Framework for Implementing REST web service in Django
I'm looking to implement a RESTful interface for a Django application. It is primarily 开发者_运维知识库a data-service application - the interface will be (at this point) read-only.
The question is which Django toolsets / frameworks make the most sense for this task.
I see Django-rest and Django-piston. There's also the option of rolling my own.
The question was asked here, but a good two years back. I'd like to know what the current state of play is.
In this question, circa 2008, the strong majority vote was to not use any framework at all - just create Django views that reply with e.g. JSON. (The question was also addressed, crica 2008, here.)
In the current landscape, what makes the most sense?
NOTE: Since this post was written,
django-piston
is no longer actively maintained. As others have mentioned, look intotastypie
ordjango-rest-framework
.
Indeed, you can roll your own, but there's a lot of boilerplate involved.
django-piston is an exceptionally easy to use, and extensible, micro-framework. In addition to mocking up all the necessary views and url patterns, it supports directly mapping models to a REST interface, which is nice if you have a simple use case. I'd suggest looking into it.
And since this question still rated pretty highly in my searches on Google, I'll add this alternative to the mix: http://django-rest-framework.org/
My initial impression is that it does a very good job of embodying the RESTful API design principles described here: http://readthedocs.org/docs/restful-api-design/en/latest/
Using django-rest-interface
Still true.
It's quite trivial to roll your own. Each REST URI maps to a view function. Each REST method (GET, POST, PUT, DELETE) is a simple condition in the view function.
Done.
One way is to roll your own, or use django-piston which is excellent. But the problem I have with piston is that is kind a made to be attached to a existing django-project to add an API. It is not so much made for building a resource oriented API with support for formats including HTML.

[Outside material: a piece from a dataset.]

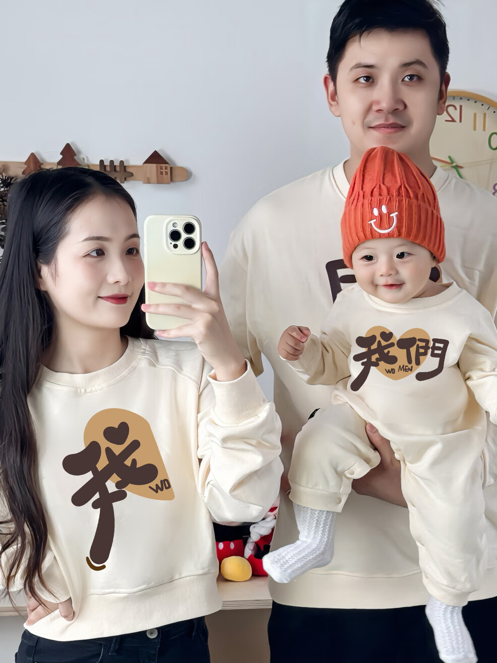 G.duck Baitianzhao parent-child clothing new high-end sweatshirt parent-child clothing family of three baby crawling clothes for young children family portrait apricot terry sweatshirt (7004) 66 upgraded boneless type A cotton crawling clothes

The way I see the use case for Piston is, you have a complete website that serves up html content, but then you would attach an api to that at the url /api/*. Then you go and add Piston to it. With this use case Piston is great, no rewrite needed for existing code and you get whatever you need. It may be that Piston works well without separating the api from the user facing part of the site, but I haven't tried that.
It is easier to try to explain this with some examples:
Bitbucket
- User facing url and content: https://bitbucket.org/jespern
- Api url and content: https://api.bitbucket.org/1.0/users/jespern/
Github
- User facing url and content: https://github.com/jgorset
- Api url and content: https://github.com/jgorset.json
Bitbucket is made with Django and django-piston for the API, while Github is made with Ruby On Rails wich has built in support for resources with different formats. I am not saying that you should switch to RoR, because we all love Django, and I am not saying that you couldn't do this with django, but it would be tedious to do this yourself on every view.

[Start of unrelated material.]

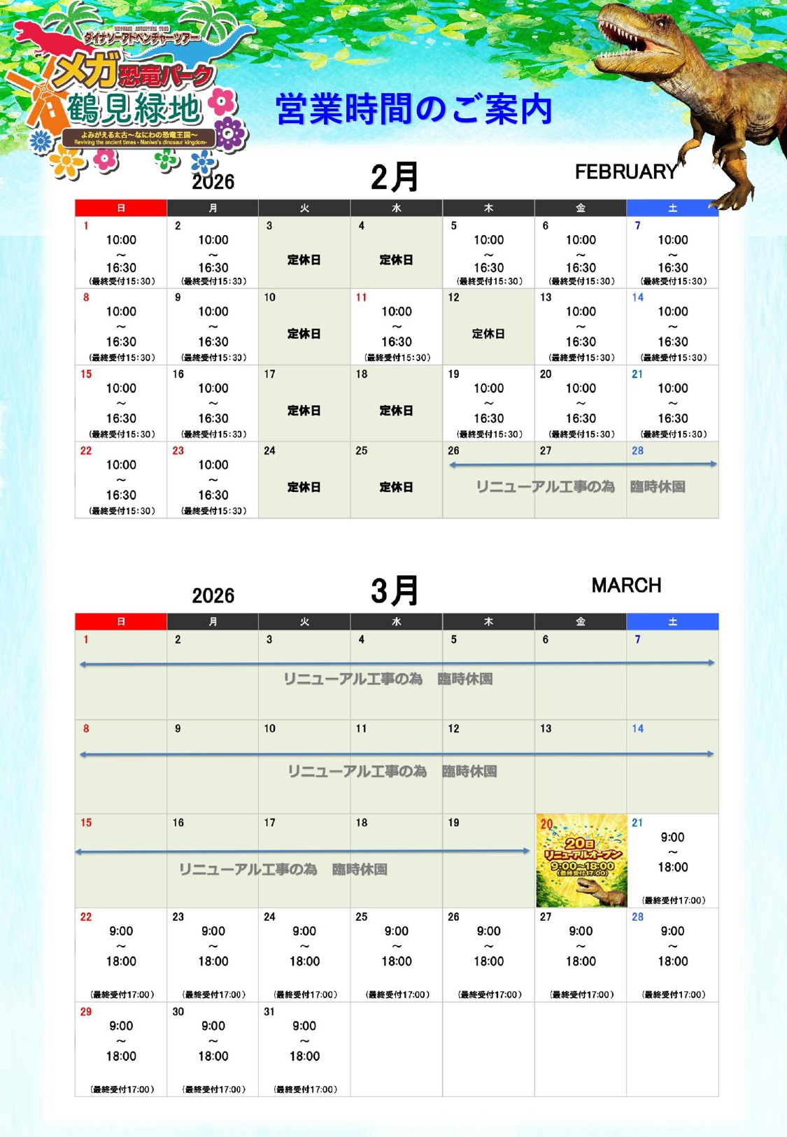 2026年2月24日(火)~3月19日(木)まで 恐竜パークリニューアル工事の為休園とさせていただきます。

So a co-worker and I decided that we wanted some of the "magic" of RoR in Django, but we didn't want it to be magical, but make our lives easier without abstracting everything. So jgorset wrote Respite which is a little Django framework to make "RESTful" APIs in the same fashion as RoR does, but in Django. It is still in early development, but we use it daily in our work projects and it is highly customizable, much like Django itself. It tries to simplify making resource oriented webpages, and structure your code without getting in your way.
So naturally my recommendation would be to look at, and try Respite: https://github.com/jgorset/django-respite/
tastypie is also an option, I've just tried it and it seemed painless until now. I'm playing with a dummy app that exposes an API to a backbone.js client and I've hit no brick walls with this library. This article got me to try it.